The input for the package is a list of tweet ID numbers. See https://archive.org/details/gaza-tweets for an example.

The output of the package are the tweets downloaded a [tibble](https://CRAN.R-project.org/package=tibble).

This package limits the rate of tweet downloading so Twitter's 90,000 tweet/15 minute limit is not exceeded.

Tweets that have been deleted or made private cannot be downloaded.

A Twitter developer account is required. You can apply for a developer account at https://developer.twitter.com.
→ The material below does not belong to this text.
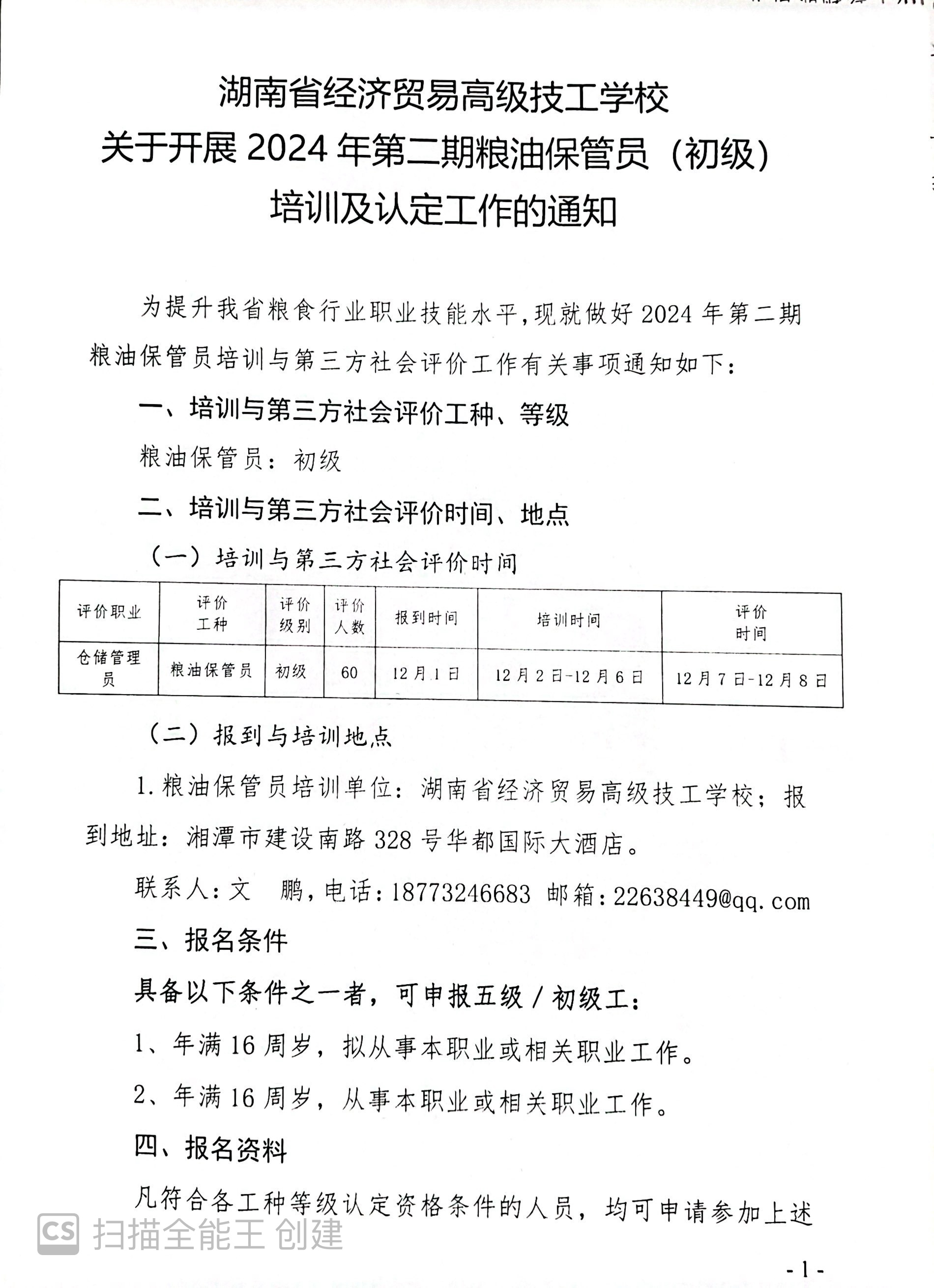 关于开展2024年第二期粮油保管员(初级)培训及认定工作的通知

Download the Gaza Tweets from archive.org.

In [1]:
cat(system('curl -L -O https://archive.org/download/gaza-tweets/ids.txt.gz', intern=TRUE), sep='\n')
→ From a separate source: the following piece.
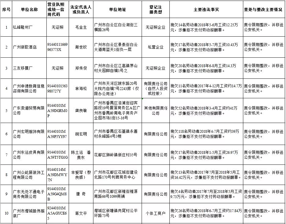 深圳新聞網(wǎng)2019年1月29日訊 (記者 劉婷)據(jù)廣東發(fā)布消息,省人社廳近日公布,2019年第一批用人單位重大勞動(dòng)保障違法行為名單。到底是哪些企業(yè)在惡意欠薪?這些“老賴”企業(yè)的營業(yè)執(zhí)照、地址、法人等等超全信息都在這!
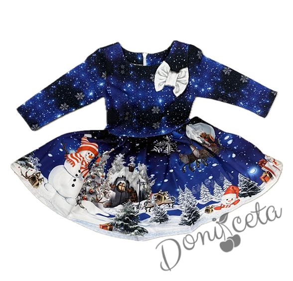Коледна бебешка рокля с дълъг ръкав в синьо с коледни мотиви

Decompress the gzip file with the tweet ids.

In [2]:
cat(system('gunzip ids.txt.gz', intern=TRUE), sep='\n')




Use the head command to make ids.txt contain only the first 100 tweet ids. Skip this cell to process all of the tweet ids. The original file contains 4058754 tweet ids, downloading all 4058754 tweets can take a long time.

In [3]:
cat(system('mv ids.txt ids-orig.txt; head -n 100 ids-orig.txt > ids.txt', intern=TRUE), sep='\n')
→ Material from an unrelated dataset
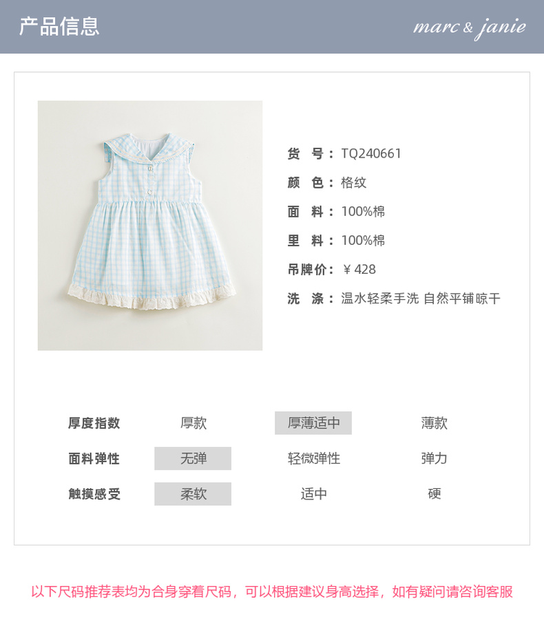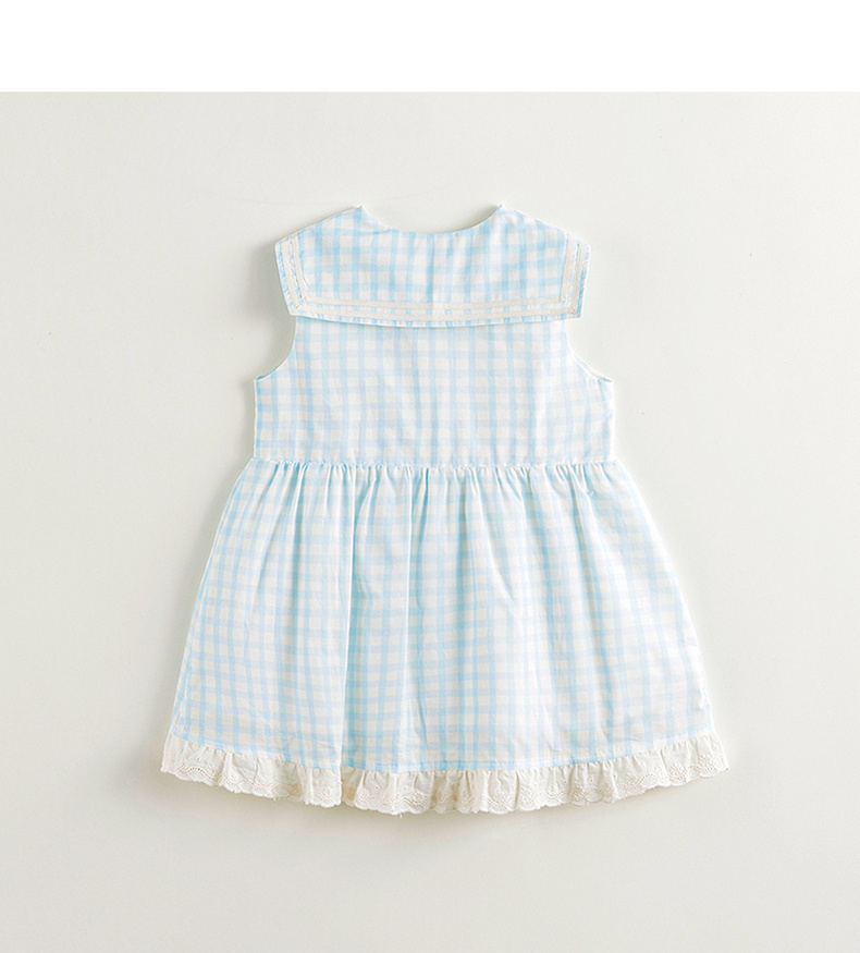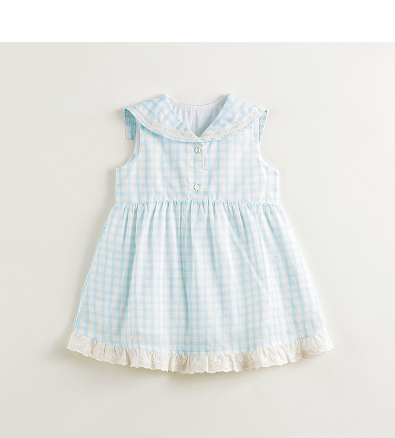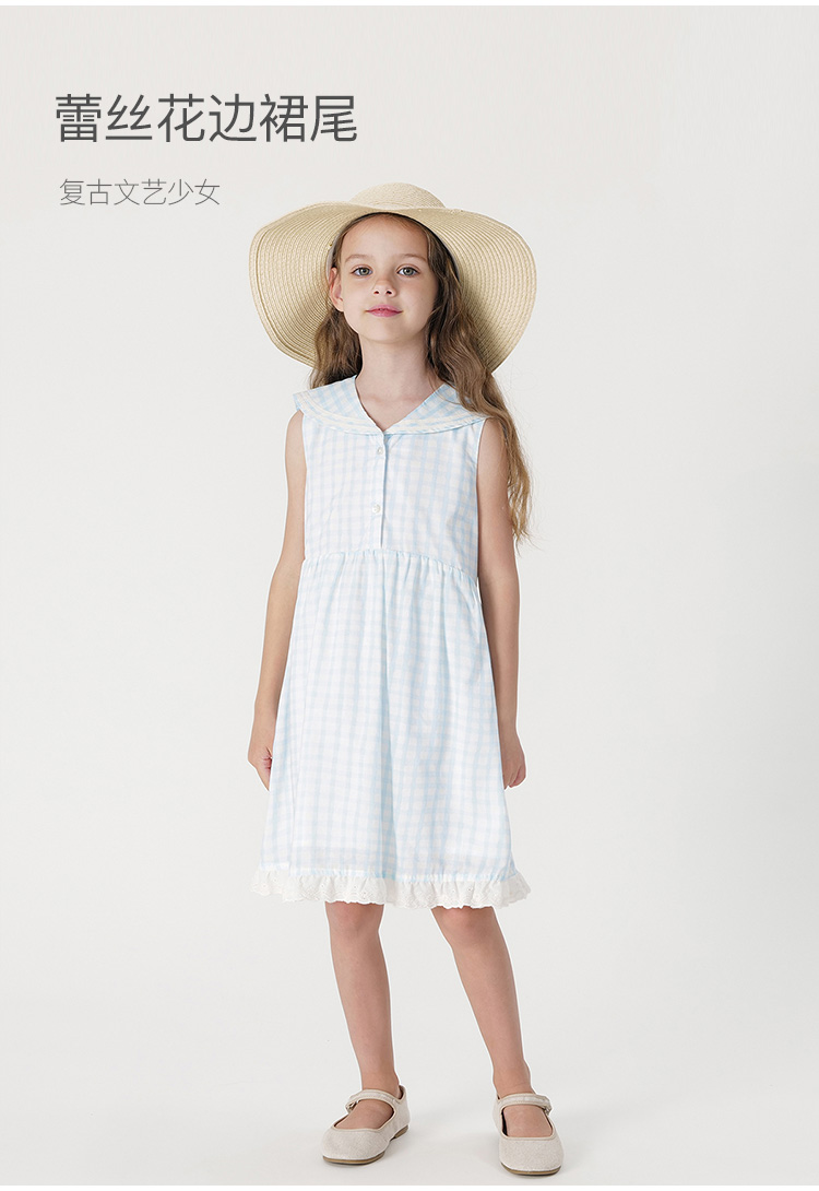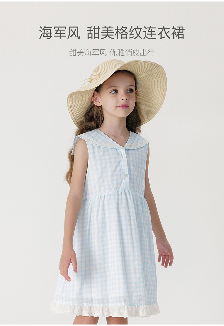 马克珍妮2024年夏装新款女童海军风格纹蕾丝花边短袖连衣裙240661

Load the rehydratoR libary. 

In [4]:
library(rehydratoR)

Set the name for the saved tweets and read the tweet ids from ids.txt into a variable.

In [5]:
saved_tweets <- "tweets.Rda"
tweet_ids_file <- "ids.txt"

Load the tweets into a tibble. You will need to create a Twitter app from https://developer.twitter.com/en/apps and copy the api keys below.

In [6]:
# If saved_tweets exist, load the tweets from disk, otherwise download the tweets from Twitter
if(file.exists(saved_tweets)){
  load(saved_tweets)
} else {
  # Get Twitter api keys from https://developer.twitter.com/en/apps 
  consumerKey <- ''
  consumerSecret <- ''
  accessToken <- ''
  accessTokenSecret <- ''

  # Read tweet ids
  tweet_ids <- data.frame(read.table(tweet_ids_file, numerals = 'no.loss'))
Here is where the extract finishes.